Regardless of religious foundations, Hawkins said that he believes the spiritual life of a family is essential in weaving the lives of two people into one. “There needs to be a firm understanding,” he said. “That doesn’t mean you have to have the same beliefs. I think you have to recognize life together requires compromise, and you have to want your partner to be happy.”
“I need to place her happiness above my happiness, and I guess there is an old saying that ‘If Mama’s not happy, nobody is happy.’ I guess that’s true. It takes compromise. It takes understanding and in the essence of love, sacrifice.”
But Hawkins does not see his wife just as his life partner; he sees her as an essential component of the college community, who works behind the scenes to help improve Troy. He credits the visual beauty of Troy’s campus to her focus on the uniformity of the appearance of this university. He said that it was her vision and high expectations to make Troy’s campus look just as good as any other top institution in the state.
“There was a cute story from years ago, shortly after we came,” he said. “She actually was in the flower bed out in the corner of George Wallace Drive and University Avenue with the maintenance men who were taking care of the landscape.
“And I had a call from a little lady in the community, and she said ‘Dr. Hawkins, did you know that your wife is working with the maintenance men out in the flower beds, in the corner?’ I said ‘No ma’am, but that’s great.’ She never called me again.”
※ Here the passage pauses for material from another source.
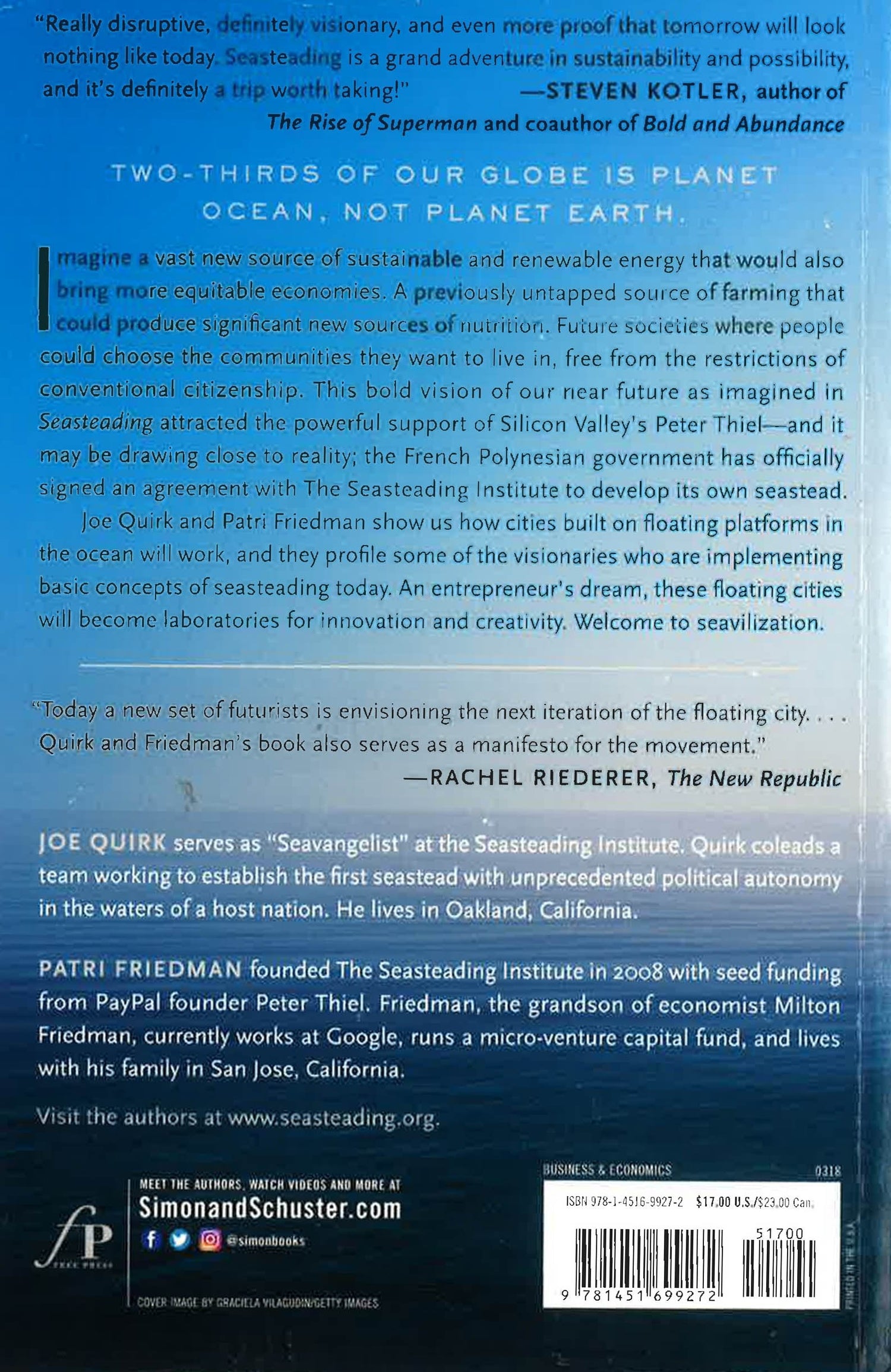 In these “thought-provoking visions of the future” (The Wall Street Journal), Joe Quirk and Patri Friedman of the Seasteading Institute explain how ocean cities can solve many of our environmental, technological, and civic problems, and introduce the visionaries and pioneers who are now making seasteading a reality.Our planet has been suffering from serious environmental problems and their social and political consequences. But imagine a vast new source of sustainable and renewable energy that would also bring more equitable economies. A previously untapped source of farming that could produce significant new sources of nutrition. Future societies where people could choose the communities they want to live in, free from the restrictions of conventional citizenship. This extraordinary vision of our near future as imagined in Seasteading attracted the powerful support of Silicon Valley’s Peter Thiel - and it may be drawing close to reality. Facing growing environmental threats, French Polynesia has already signed on to build some of the world’s first seasteads. Joe Quirk and Patri Friedman show us how cities built on floating platforms in the ocean will work, and they profile some of the visionaries who are implementing basic concepts of seasteading today. An entrepreneur’s dream, these floating cities will become laboratories for innovation and creativity. Seasteading “offers hope for a future when life on land has grown grim” (Kirkus Reviews), proving the adage that yesterday’s science fiction is tomorrow’s science fact.

Hawkins said that her contributions to teaching etiquette classes and creating a university cookbook are some other inputs he highly values. Additionally, her insight and wise counsel have also been significant in helping Hawkins perform his duties as the head of the university, even in becoming the chancellor.
“To begin with, it was her interest in the blind that influenced my interest in the blind,” he said. Hawkins served as the president of the Alabama Institute for Deaf and Blind, and it was during his tenure there that he met the Board of Trustees of Troy, who later asked him to come here.
Despite being the chancellor, Hawkins said that his wife probably thinks he is the most naïve man she knows. He said that while he willingly trusts people, his wife is more cautious and she can see things that he easily does not; together, they are able to discern the facts of the matter.
“And I think we’ve certainly been stronger as a team as opposed to me trying to do this in isolation,” he said. “So she has been a great partner.”
Hawkins said that when he served alongside the Korean Marines in Vietnam, they often talked to him about how Americans get married too early. He said that this made a lot of sense to him, and he thinks that as Americans, it is something the youths must ponder before saying, “I do.”
“Wait, because you need to be mature emotionally,” he said. “You need to be fairly independent, and you need to have a strong financial base. Many people in America, they marry young and they marry for love, which is the right reason, but marriage is a complex institution.” Hawkins was 32 when he got married.
“Too many young people today think that if I don’t get married immediately after college, I many not get married, which is not true at all,” he said. “Life is a long time. I think patience is a virtue and patience will contribute to a successful marriage.”
Hawkins said that although he thinks of himself as a romantic, his wife probably does not think so. “She’d say I could be more so,” he said. “I may not be a romantic in expression, but I am at heart.”
The romantic-at-heart chancellor will not be able to spend Valentine’s Day with his wife, as she is currently in Japan with their elder daughter and her family. Nonetheless, he is sending a gesture of love to her.
“I just mailed my Valentine’s card this morning,” he said. “I hope the mail flies on time. I couldn’t be there to take her to dinner, so I sent her a check so that she can take my son-in-law and daughter to dinner.”